Brief:
With the pictures removed, please write out every line below exactly as given.

╭─ Listed entries

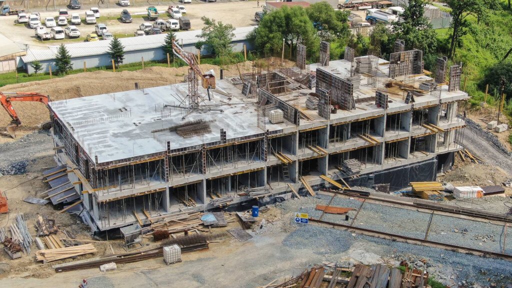 Завершены монолитные работы в доме №1, на крыше ведутся кровельные работы. Продолжаются работы по кладке наружных и внутренних стен. В доме №2 монолитные работы ведутся на уровне третьего этажа.
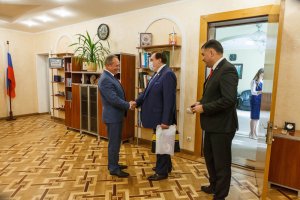 Председатель Верховного Совета Александр Коршунов провел встречу с первым вице-президентом Международной ассамблеи столиц и крупных городов СНГ, заместителем Генерального секретаря Ассамблеи народов Евразии Юрием Мищеряковым. Во встрече принял участие председатель Совета народных депутатов города Тирасполь Вадим Дони.
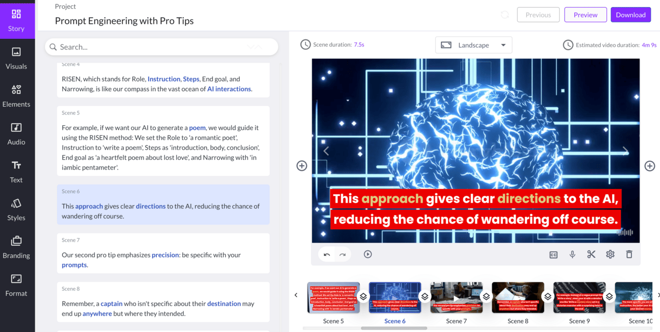 The scripts we have prepared, complete with image suggestions and time codes, are fleshed out enough to be used in any format. The extra detail will be invaluable in manual editing in particular. When using AI tools like Pictory though we’ll just strip that info out quickly.
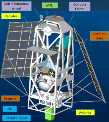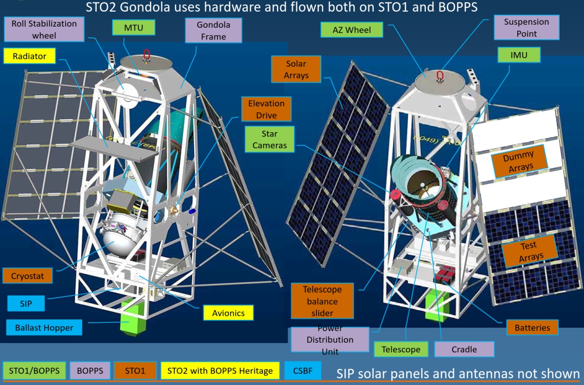 At left we can see an scheme of the instrument (click for more details). The instrument used the same telescope that Johns Hopkins University Applied Physics Laboratory (APL) has previously employed for its successful Flare Genesis Experiment back in the 1990's decade. Same occurs with the gondola inherited from the APL which was originaly used for the Flare Genesis and Solar Bolometric Imager balloon programs. The main detector installed on the focal plane of the telescope was a high spectral resolution heterodyne receiver system, used in the previous version of the instrument (STO-1 flown in 2012) but upgraded for extended cryogenic lifetime, enhanced sensitivity, and greater reliability. A second detector is an uncooled, Schottky receiver.
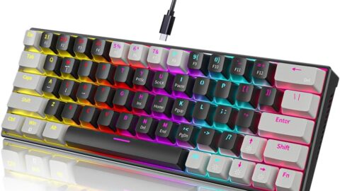 abucow Mechanical Keyboard Wired 60% Gaming Keyboard with Colorful Backlit Custom 63 Swappable keycaps (Black-Gray)
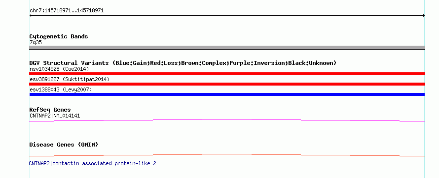 | | Variant Type | CNV insertion | | Copy Number | | | Allele State | | | Allele Origin | | | Probe Count | | | Validation Flag | | | Merged Status | M | | Merged Variants | | | Supporting Variants | essv4031146 | | Samples | HuRef | | Known Genes | CNTNAP2 | | Method | Sequencing | | Analysis | | | Platform | Sanger Sequencing | | Comments | | | Reference | Levy_et_al_2007 | | Pubmed ID | 17803354 | | Accession Number(s) | esv1388043
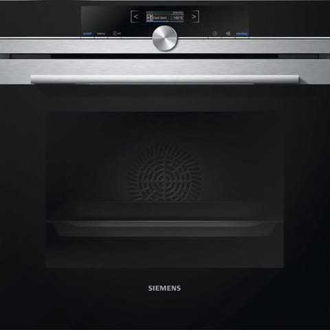 Siemens indbygningsovn i rustfrit stål og sort glas. Ovnen er integreret i køkkenmodul og har elektronisk display samt drejeknapper til betjening. Velegnet til indbygning i standard køkkenelementer. Yderligere tekniske specifikationer som mål, energiklasse og modelbetegnelse fremgår typisk af typeskiltet på produktet.
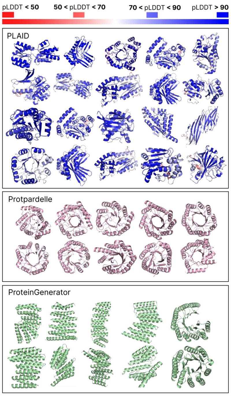 PLAID is a multimodal generative model that simultaneously produces protein sequences and structures by learning the latent space of protein folding models. It addresses limitations in previous models by generating all-atom structures and incorporating organism-specific constraints, useful for real-world applications like drug
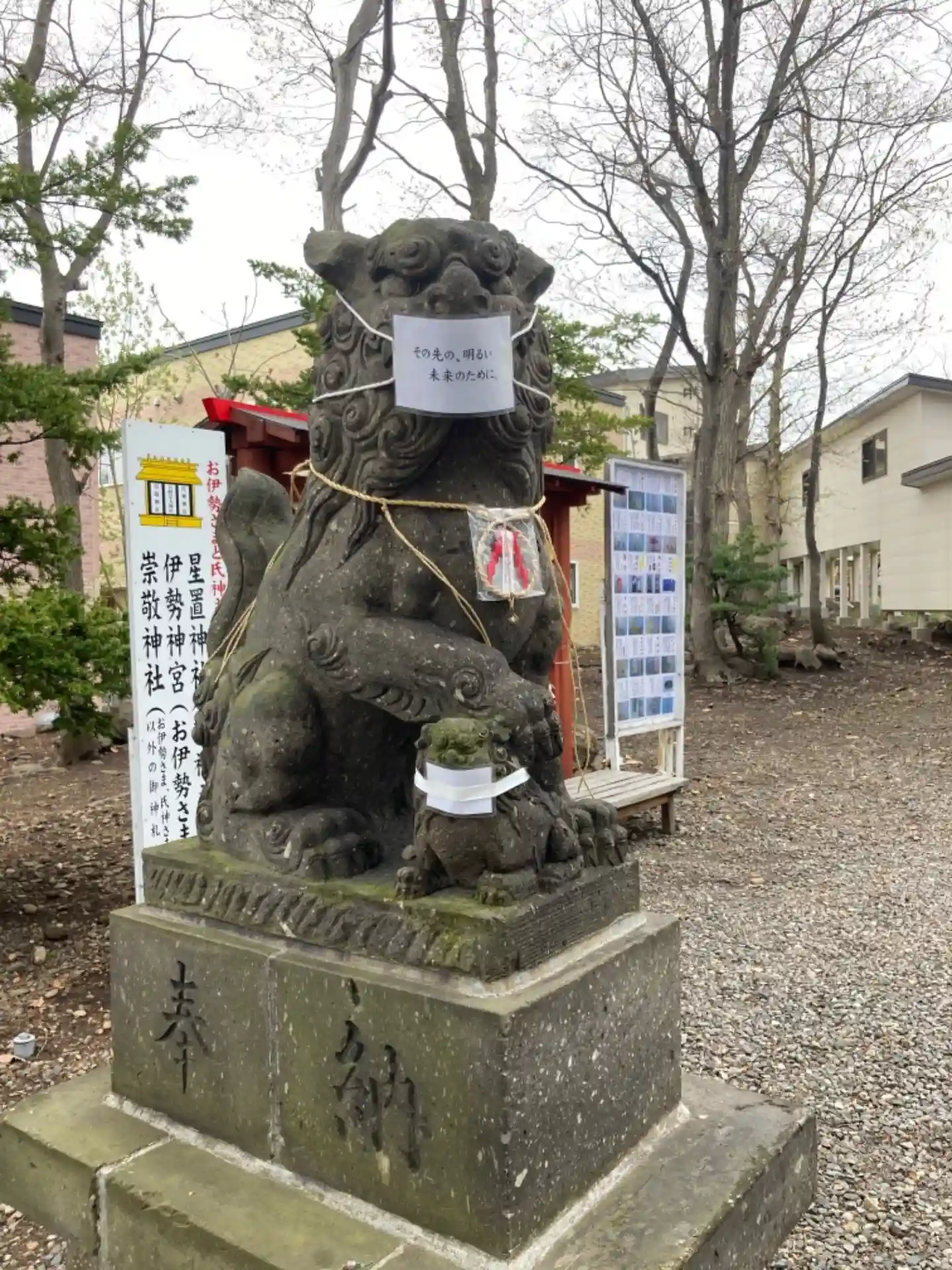 狛犬さんもマスクで予防
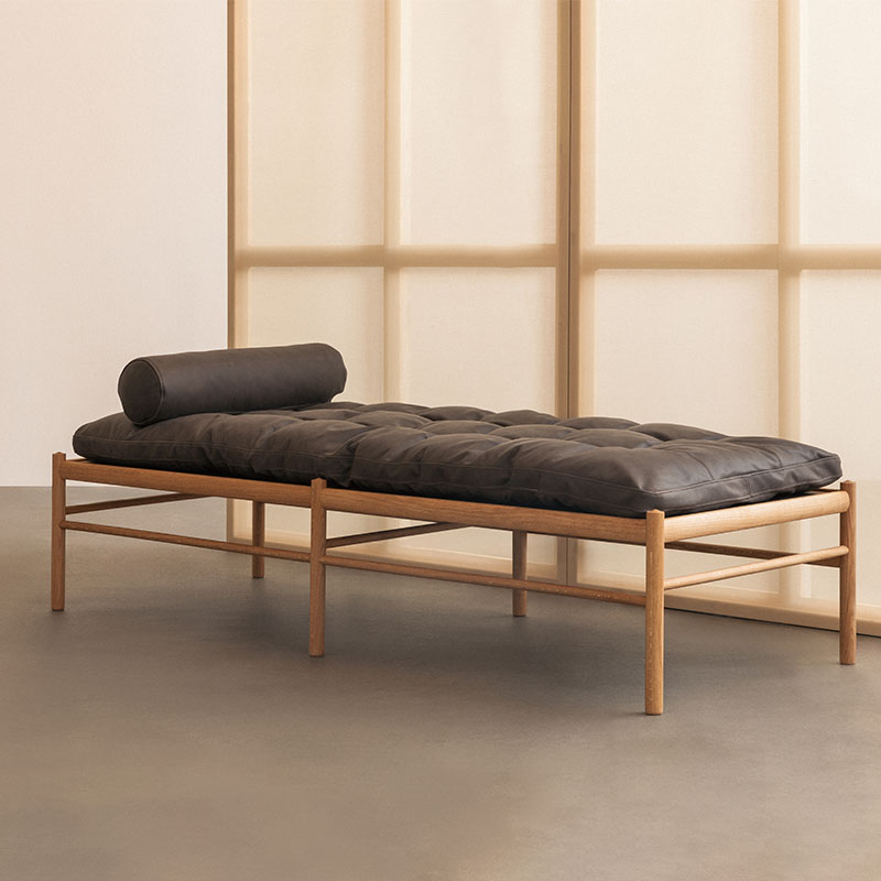 オーレ・ヴァンシャーの代表作のひとつで、オーク無垢材のフレームに美しく横たわる長いクッションが特徴です。
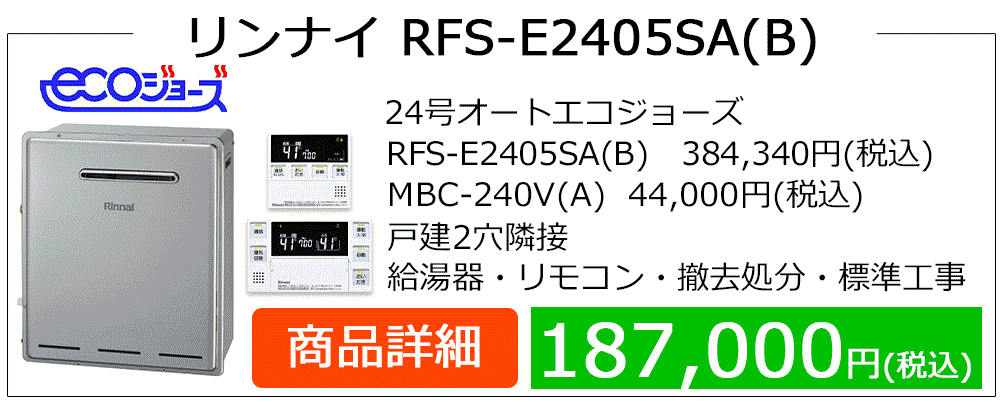 RUF-E**06(S)AW(A)・RUF-E**05(S)AG(B)・RFS-E**05(S)A(B)シリーズはガス代節約型のエコジョーズ給湯器です。エコジョーズでは、今まで使わずに捨てられていた排気熱を有効に使用して、あらかじめ給湯器の入水を温めます。そのため従来型より少ないガス使用量で、効率よくお湯が沸かせます。エコジョーズからの取替はもちろん、従来型からの取替も大多数のお客様がエコジョーズ給湯器をお求めになられます。

╰─

Your response:
 Завершены монолитные работы в доме №1, на крыше ведутся кровельные работы. Продолжаются работы по кладке наружных и внутренних стен. В доме №2 монолитные работы ведутся на уровне третьего этажа.
 Председатель Верховного Совета Александр Коршунов провел встречу с первым вице-президентом Международной ассамблеи столиц и крупных городов СНГ, заместителем Генерального секретаря Ассамблеи народов Евразии Юрием Мищеряковым. Во встрече принял участие председатель Совета народных депутатов города Тирасполь Вадим Дони.
 The scripts we have prepared, complete with image suggestions and time codes, are fleshed out enough to be used in any format. The extra detail will be invaluable in manual editing in particular. When using AI tools like Pictory though we’ll just strip that info out quickly.
 At left we can see an scheme of the instrument (click for more details). The instrument used the same telescope that Johns Hopkins University Applied Physics Laboratory (APL) has previously employed for its successful Flare Genesis Experiment back in the 1990's decade. Same occurs with the gondola inherited from the APL which was originaly used for the Flare Genesis and Solar Bolometric Imager balloon programs. The main detector installed on the focal plane of the telescope was a high spectral resolution heterodyne receiver system, used in the previous version of the instrument (STO-1 flown in 2012) but upgraded for extended cryogenic lifetime, enhanced sensitivity, and greater reliability. A second detector is an uncooled, Schottky receiver.
 abucow Mechanical Keyboard Wired 60% Gaming Keyboard with Colorful Backlit Custom 63 Swappable keycaps (Black-Gray)
 | | Variant Type | CNV insertion | | Copy Number | | | Allele State | | | Allele Origin | | | Probe Count | | | Validation Flag | | | Merged Status | M | | Merged Variants | | | Supporting Variants | essv4031146 | | Samples | HuRef | | Known Genes | CNTNAP2 | | Method | Sequencing | | Analysis | | | Platform | Sanger Sequencing | | Comments | | | Reference | Levy_et_al_2007 | | Pubmed ID | 17803354 | | Accession Number(s) | esv1388043
 Siemens indbygningsovn i rustfrit stål og sort glas. Ovnen er integreret i køkkenmodul og har elektronisk display samt drejeknapper til betjening. Velegnet til indbygning i standard køkkenelementer. Yderligere tekniske specifikationer som mål, energiklasse og modelbetegnelse fremgår typisk af typeskiltet på produktet.
 PLAID is a multimodal generative model that simultaneously produces protein sequences and structures by learning the latent space of protein folding models. It addresses limitations in previous models by generating all-atom structures and incorporating organism-specific constraints, useful for real-world applications like drug
 狛犬さんもマスクで予防
 オーレ・ヴァンシャーの代表作のひとつで、オーク無垢材のフレームに美しく横たわる長いクッションが特徴です。
 RUF-E**06(S)AW(A)・RUF-E**05(S)AG(B)・RFS-E**05(S)A(B)シリーズはガス代節約型のエコジョーズ給湯器です。エコジョーズでは、今まで使わずに捨てられていた排気熱を有効に使用して、あらかじめ給湯器の入水を温めます。そのため従来型より少ないガス使用量で、効率よくお湯が沸かせます。エコジョーズからの取替はもちろん、従来型からの取替も大多数のお客様がエコジョーズ給湯器をお求めになられます。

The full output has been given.